My backpack was stolen this morning while I was having breakfast at a cafe on a busy street. My backpack carrying my passport, camera, iPod and other stuff was at my feet when a man and woman came up to me asking directions. While I was helping them, somebody grabbed my bag from behind and ran off. The man I was talking to said they ran off in a direction so I went looking. I now suspect he and the woman were part of the ruse and of course the thieves had made off in the other direction. This was a professional sting and there will be no chance of recovery.

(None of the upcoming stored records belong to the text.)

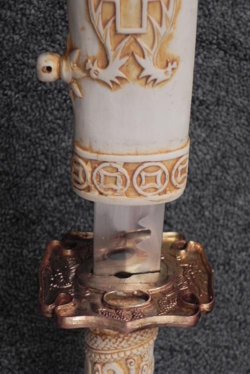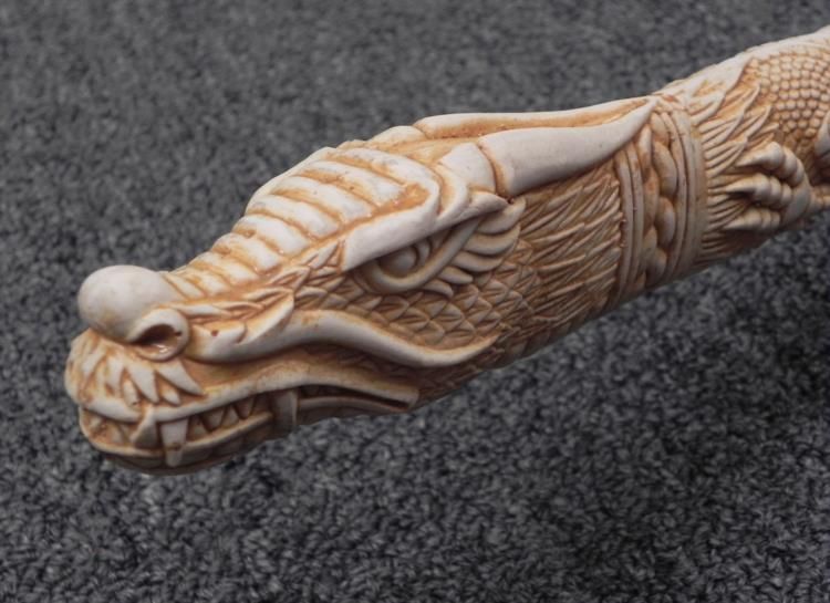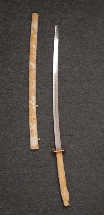 JAPANESE KATANA SAMURAI SWORD-27" BLADE-BONE/IVORY TYPE CASE-DRAGON HANDLE * GREAT LOOKING JAPANESE KATANA SAMURAI SWORD-APPEARS TO BE FROM THE 60's--WELL MADE-SCABBARD/SAYA HAS BEAUTIFUL RELIEF ARTWORK-WITH JAPANESE KANJI AND A DRAGON'S TAIL--THE GRIP AND POMMEL IS A NICELY DETAILED DRAGON--BRASS TSUBA--STEEL BLADE WITH A FAUX TEMPER AND VERY SHARP--SAYA AND HANDLE APPEAR TO BE AN IVORY/BONE FAUX MATERIAL-O/A LENGTH 41"--OUTSTANDING KATANA SWORD *
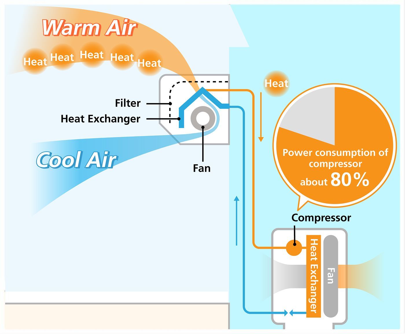 AC mendinginkan ruangan dengan cara unit indoor menarik udara dari dalam ruangan untuk menyerap panas, lalu mengembalikan udara tersebut sebagai udara dingin yang telah kehilangan panasnya. Panas yang diserap dari udara dalam ruangan kemudian dipindahkan ke unit outdoor melalui gas yang disebut refrigeran, yang mengalir melalui pipa yang menghubungkan unit indoor dan outdoor. Selanjutnya, unit outdoor akan melepaskan panas tersebut ke luar ruangan. Dalam proses ini, kompresor berperan sangat penting untuk memampatkan refrigeran dan mengalirkannya di dalam pipa agar dapat menyerap serta melepaskan panas.
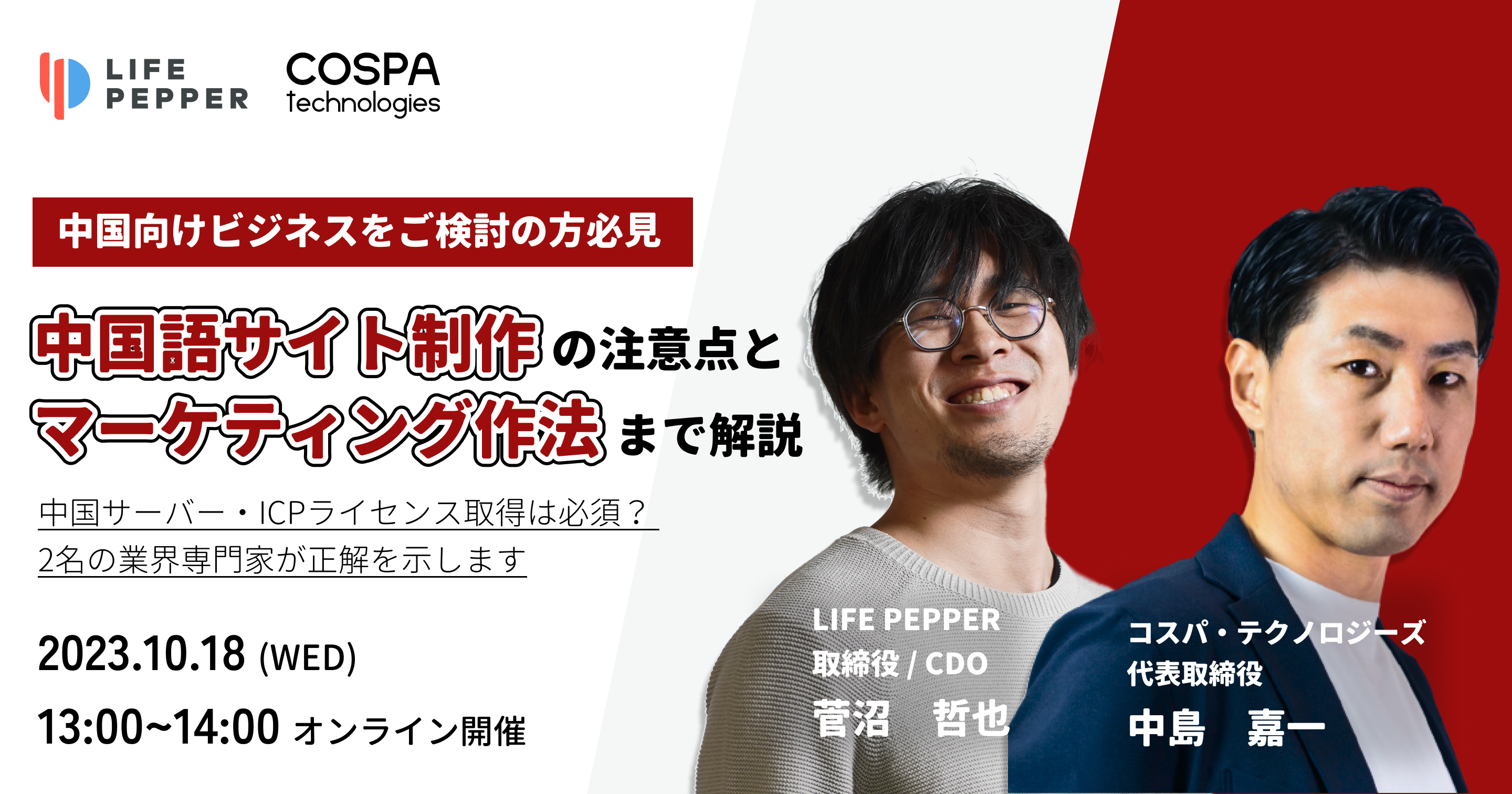 海外マーケティング支援数 1,000 社以上の LIFE PEPPER が、中国向けサイト制作を専門とするコスパ・テクノロジーズとの協業を開始
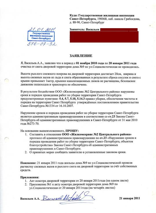 Образец заявления в ГЖИ
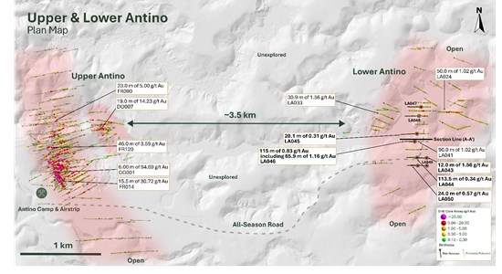 The Company reports assay results from eight diamond drill holes (LA043 to LA050) at the Lower Antino target, located approximately 3.5 km east of the Upper Antino deposit (Figure 1). All eight holes intersected gold mineralization, with results highlighted by 65.9 m of 1.16 g/t Au within 115.0 m of 0.83 g/t Au in LA046 (Table 1). The 115-metre intercept in LA046 begins at surface and represents an up-dip expansion of the previously released 90.0 m of 1.02 g/t Au in LA041, confirming the continuity and growth potential of the mineralized zone.
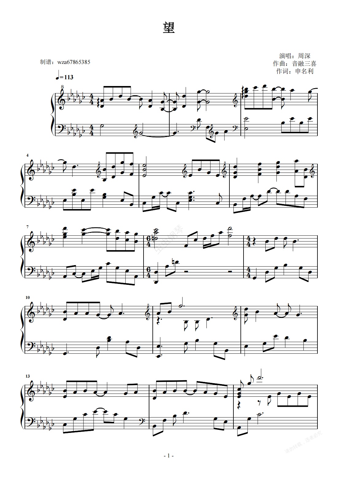 钢琴谱:望
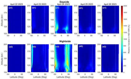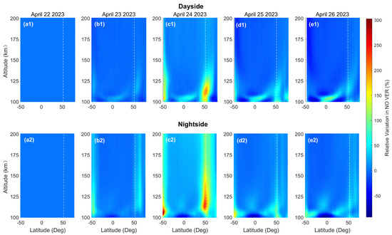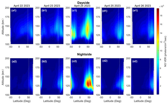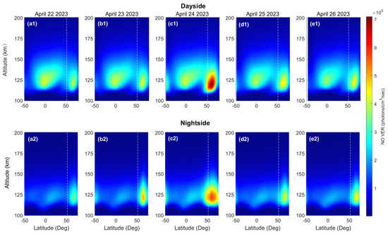 3.1. Global Distribution of NO Emission Response during the Geomagnetic Storm
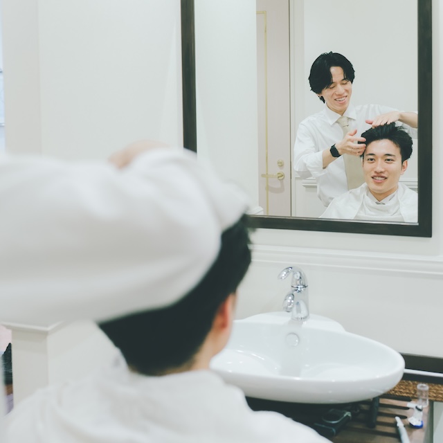そのあとは新郎様のご友人様と合流し、新郎様のヘアセット!
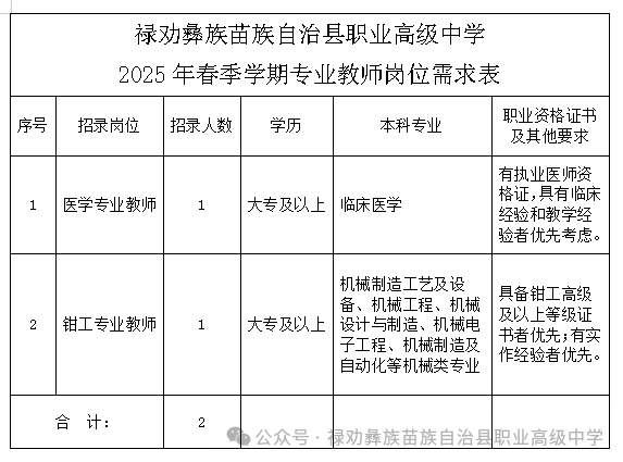 招聘公告通过县教体局、禄劝职业高级中学公众号发布。自发布之日开始报名。
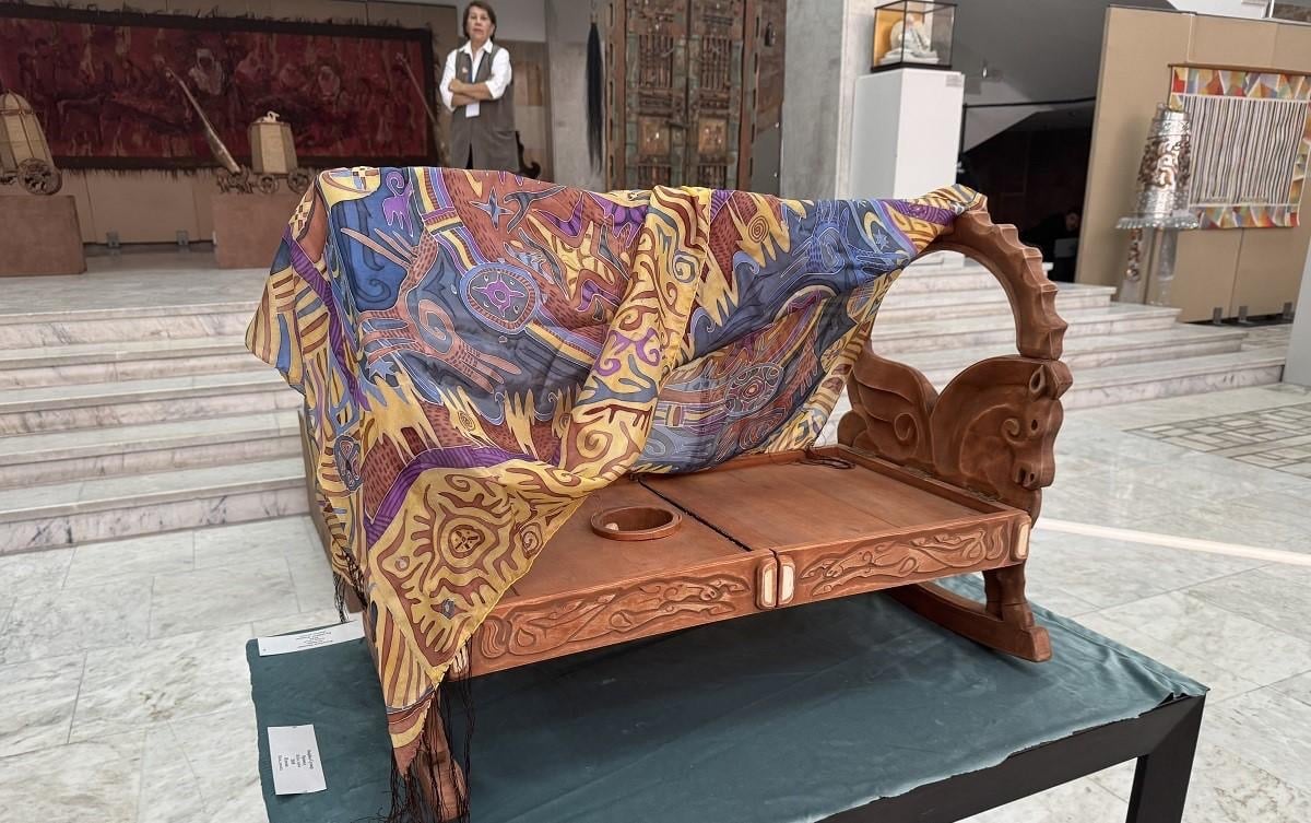 На выставке «Кочевые маршруты. Остановка – Алматы». Колыбель «Лошадь» работы Мадияра Жапабаева, платок работы Гульнар Омирбек. Фото: Гульнар Танкаева
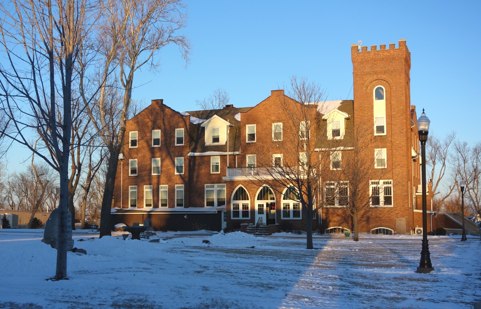I decided that now was the perfect time to go and explore my secret again. I had my coat on the sun was setting, I wasn’t getting a good photograph at ground level so maybe the tall parapett would do me better. I walked back into the Danish Folk School and made my way back to third floor. I climbed the ladder, opened the trapdoor and climbed the second ladder. Camera in pocket, I pushed on the second trapdoor and found that it wasn’t hinged, it was like a lid on a box, it came right off. I slid it off to the side and I climbed through the hole it left. The parapett was brick and I was pleased to see that it was exactly like any castle I had ever imagined. This, my first parapett, did not dissapoint. I crawled onto the roof and slid the trapdoor over to keep the chill out of the building. When I stood up I could see the sunset better than I had anywhere else. I felt like a queen.
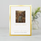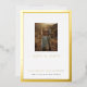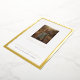 This minimal Save the Date invitation card is a beautifully simple option with a luxurious style. This customisable Save the Date card features a bold real foil gold border, reminiscent of the frame surrounding a painting. Framing elegant white space, this art gallery-inspired Save the Date invitation highlights a single photograph. The couple's names and wedding date compliment the modern layout. The back of the card features an additional photo with a bold frame, and a space to add details and a a wedding website.
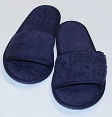 hochwertige Frottee Slipper blau mit offenen Zehen, Classic Terry Slipper / Schuhe / Hausschuhe / Pantoletten / Hotelslipper / Badeschuhe, Gr. 42 - 46
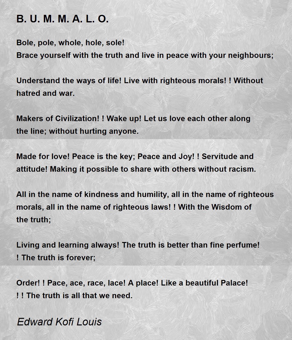 All in the name of kindness and humility, all in the name of righteous morals, all in the name of righteous laws! ! With the Wisdom of the truth;
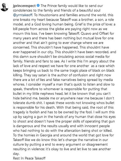 Well, look who has finally decided to come out of hiding and speak on the murder of Migos Rapper Takeoff, who was in Houston to celebrate with his sons J Prince Jr and Jas Prince. J Prince, who typically I find longwinded, actually said something to pique my interest:
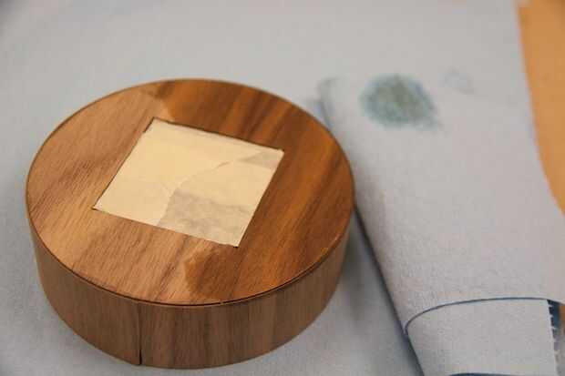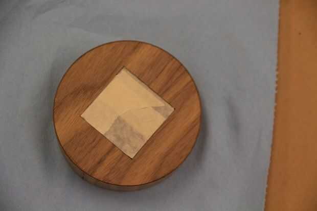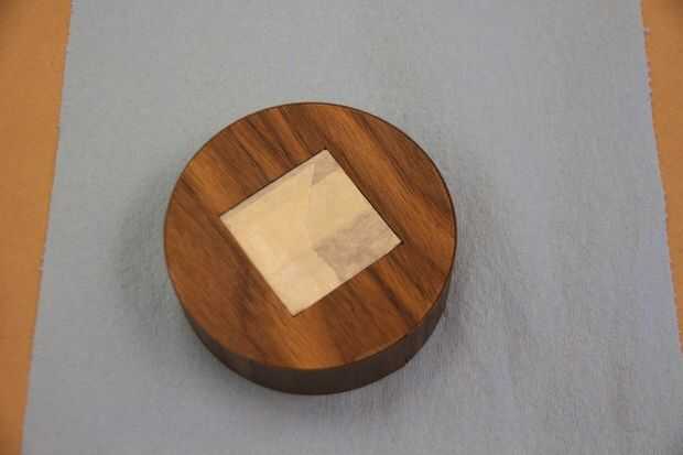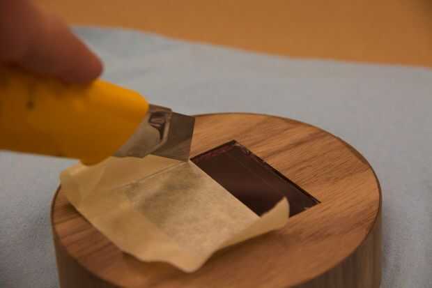 Enmascare la célula solar y siga las instrucciones en la botella hasta el final de la madera. Tómate tu tiempo (varios días) para terminar la chapa de madera, buscar y realizar mucho mejor para él.
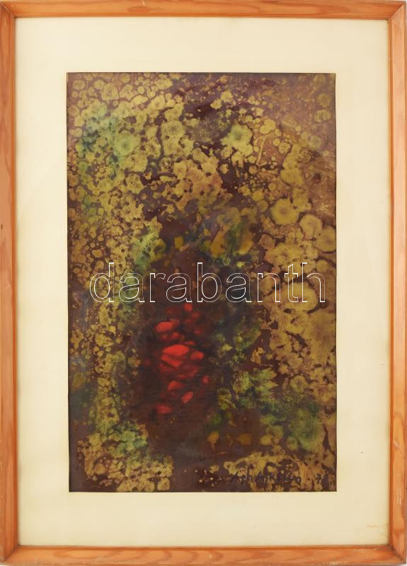 Beschreibung: Ágh Ajkelin Lajos (1907-1995): Sziklavirág (cím nélkül), 1978. Vegyes technika, papír, jelzett. Üvegezett fakeretben, 54×34,5 cm
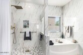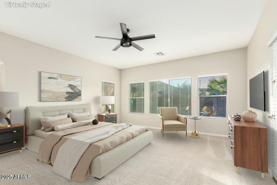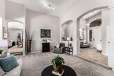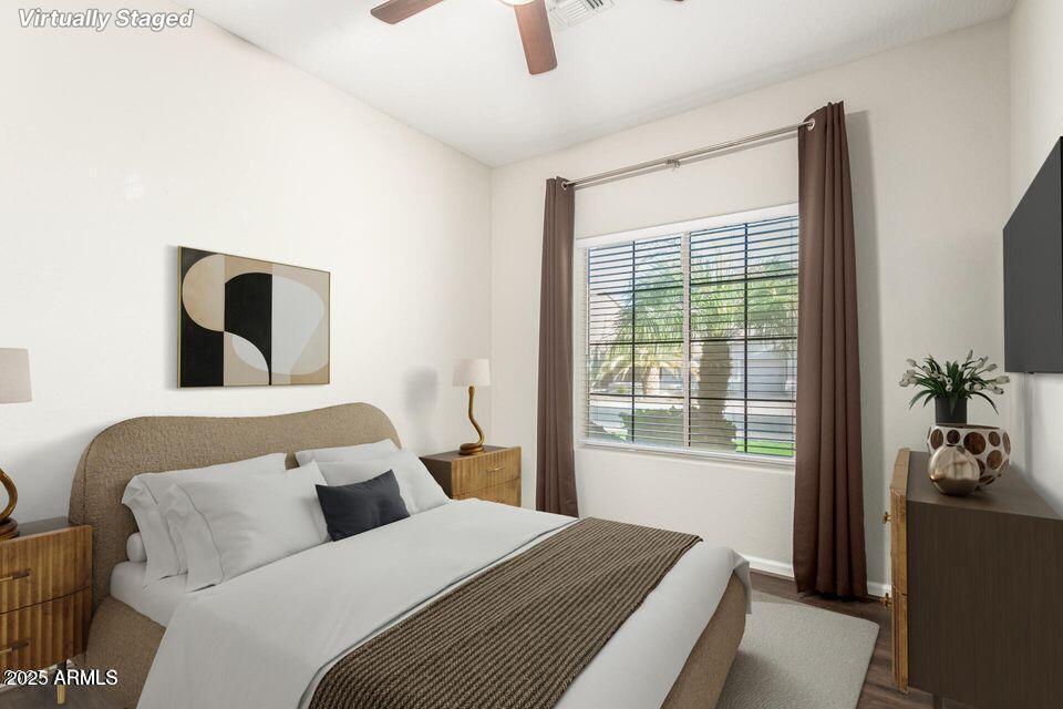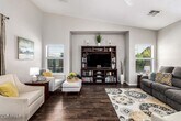 Welcome to this beautifully remodeled and updated single-level home located in a highly sought-after neighborhood known for its serene atmosphere and golf course living. Nestled on an oversized lot,this luxurious home offers 5 bedrooms,2.5 bathrooms,and a rare 4-car garage,including a convenient pull-in bay. This home is set up for a single couple or two couples living with each set having half the house to themselves. The Master and study/bedroom on the left after you enter and 3 full bedrooms and a full bathroom on the right. This winter home is perfect for snowbirds wanting to live in luxury... The home is perfectly positioned on a desirable street that runs parallel to the 18th fairway,just steps away from the course,offering a unique blend of privacy and proximity to recreational luxury. This home has an inviting entryway. Upon entry,the dramatic high ceilings and pillars draw you to the elegant great room,which is perfect for relaxation or entertaining. The interior is fully furnished and move in ready. All new dishes and appliances,TVs,outdoor furniture next to an amazing heated salt pool. Large ceramic tile flooring runs through the main area of the home,with new luxury vinyl plank flooring in the 4 guest bedrooms. The large primary suite and the expansive great room feature new plush carpet. The heart of the home features a spacious open-concept family room,dining and kitchen area,ideal for entertaining or everyday living all furnished and ready from the minute you move in. All bathrooms have been updated with new toilets,custom walk-in showers,showcasing stunning quartz countertops,modern sinks,lighting,hardware,and updated finishes. The grand primary suite,has a door to access the patio,offers a private retreat with a beautifully remodeled en suite including a soaking tub and oversized walk-in closet. Step outside onto your large covered patio & into your personal backyard oasis. The resort-style backyard is landscaped with desert and tropical foliage including palms,and citrus trees creating a lush escape. The highlight of the backyard is the heated saltwater pool,which has been upgraded to gas heating,allowing you to enjoy it comfortably year-round. This home delivers it all! Located just minutes from shopping,restaurants,parks,and not far from South Phoenix. This is more than a home it's a lifestyle opportunity. Don't miss your opportunity to own this updated,spacious,and well-maintained home.
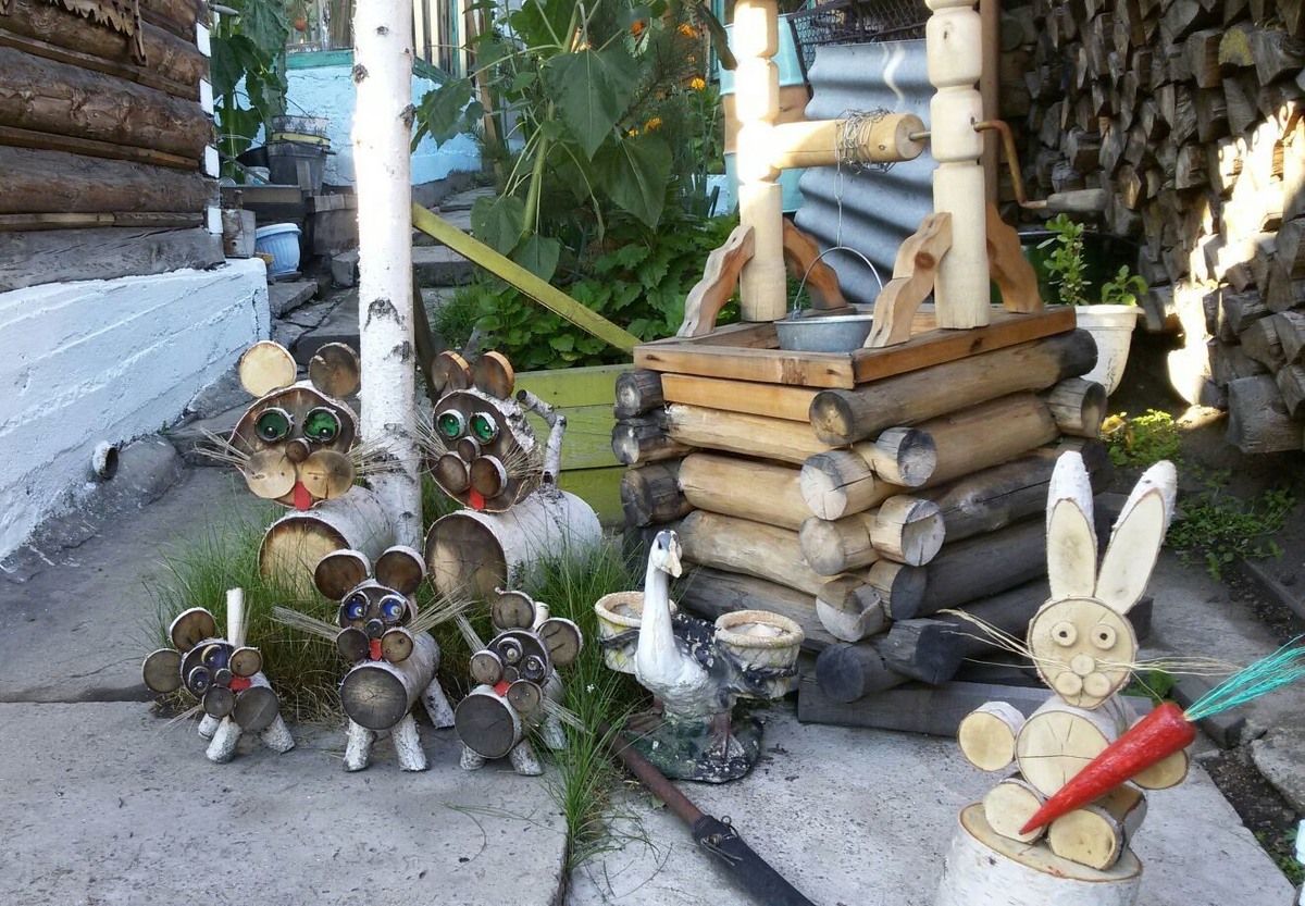 Но настоящая релаксация – на участке, в зоне отдыха: удобные качели, симпатичная, почти игрушечная, беседка для внуков (летом она увита сочно-зелёным лимонником!), бутафорский таганок, маленький бассейн, где бьёт настоящий живой фонтан, плавают кувшинки, лебедь и уточка… И пусть они не настоящие, всё равно здесь очень красиво! Возле того символического озера горкой речные камешки, на них замерли лягушата: вот-вот попрыгают в воду один за другим! Чуть поодаль – подарок детей – два милых гнома. Из обрезков ствола берёзы и эмалированных чашек, отслуживших свой век, но преображённых заботливыми руками, получились грибы-рыжики и пятнистые мухоморы с задорными шляпками. Из причудливой коряги, найденной на прогулке и мастерски «оживлённой», вышла красивая пятнистая змейка. А вокруг – море зелени: многолетников, петунии, белых ромашек.…

I have been to the Embassy and have organised an emergency passport, which I can get in days but it only has a few pages meaning I’m limited to the number of countries I can now visit on the way home. For insurance reasons I’m trying to file a report but things are very slow in the police station. Plus I need an interpreter. Interestingly I’m not that concerned at losing the camera apart from the cost to replace it. The photos of most interest to me are already lost so the rest has little emotional value.

And I payed $100 US for the privilege of this experience. Australians pay an entry fee to visit Argentina. We also pay an exit fee. The exit fee I will gladly pay that and I look forward to it.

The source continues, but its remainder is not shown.